Why is this sum of Kronecker products singular?

Question

Consider the $2n\times 2n$ matrix $$M(n):=I_2\otimes I_n+(J_2-I_2)\otimes(J_n-I_n),$$ where $J_n$ denotes the $n\times n$ matrix whose entries are all $1$s, $I_n$ is the identity, and $\otimes$ is the Kronecker product.

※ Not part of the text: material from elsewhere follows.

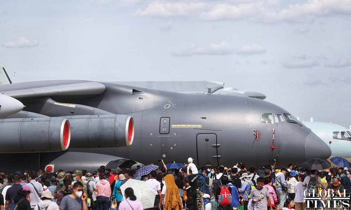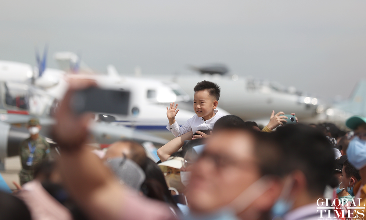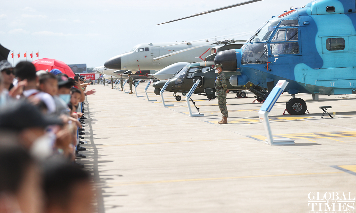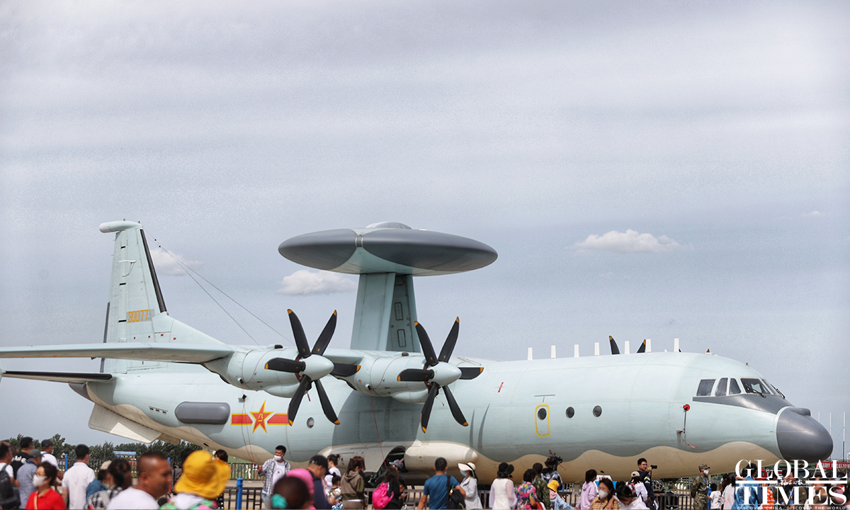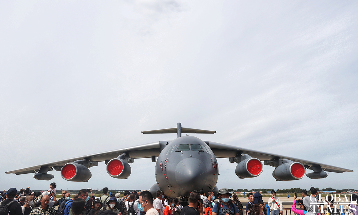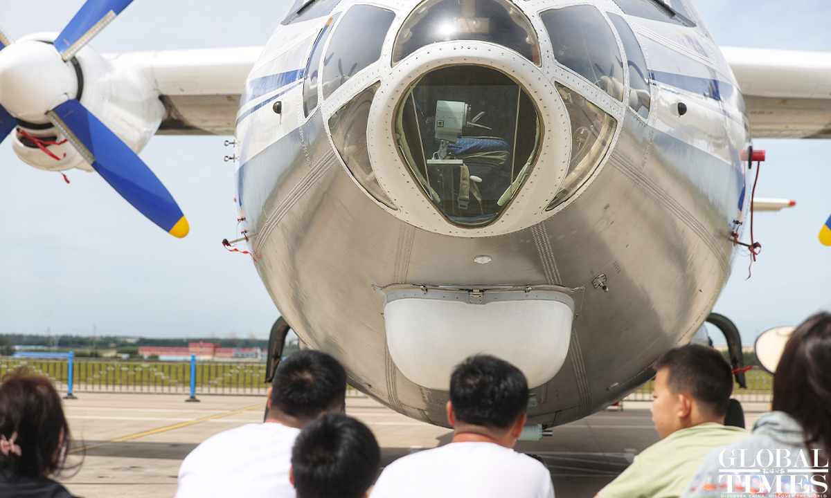 About 140,000 spectators gathered at Dafangshen Airport in Changchun for the PLA Air Force open day event on Sun. The audience was mesmerized by the flight performances of various types of aircraft and the display of star jets including YU-20, H-6, J-10C and KJ-500. Photo: Cui Meng figcaption >

For example, when $n=3$ we have $$M(3)=\left( \begin{array}{ccc|ccc} 1 & 0 & 0 & 0 & 1 & 1 \\ 0 & 1 & 0 & 1 & 0 & 1 \\ 0 & 0 & 1 & 1 & 1 & 0 \\ \hline 0 & 1 & 1 & 1 & 0 & 0 \\ 1 & 0 & 1 & 0 & 1 & 0 \\ 1 & 1 & 0 & 0 & 0 & 1 \\ \end{array} \right)\!.$$

I have found that $\det M(n)$ appears to be $0$ for all positive integer values of $n\geq2$. I have tested this conjecture for $n\leq 200$ without counterexamples.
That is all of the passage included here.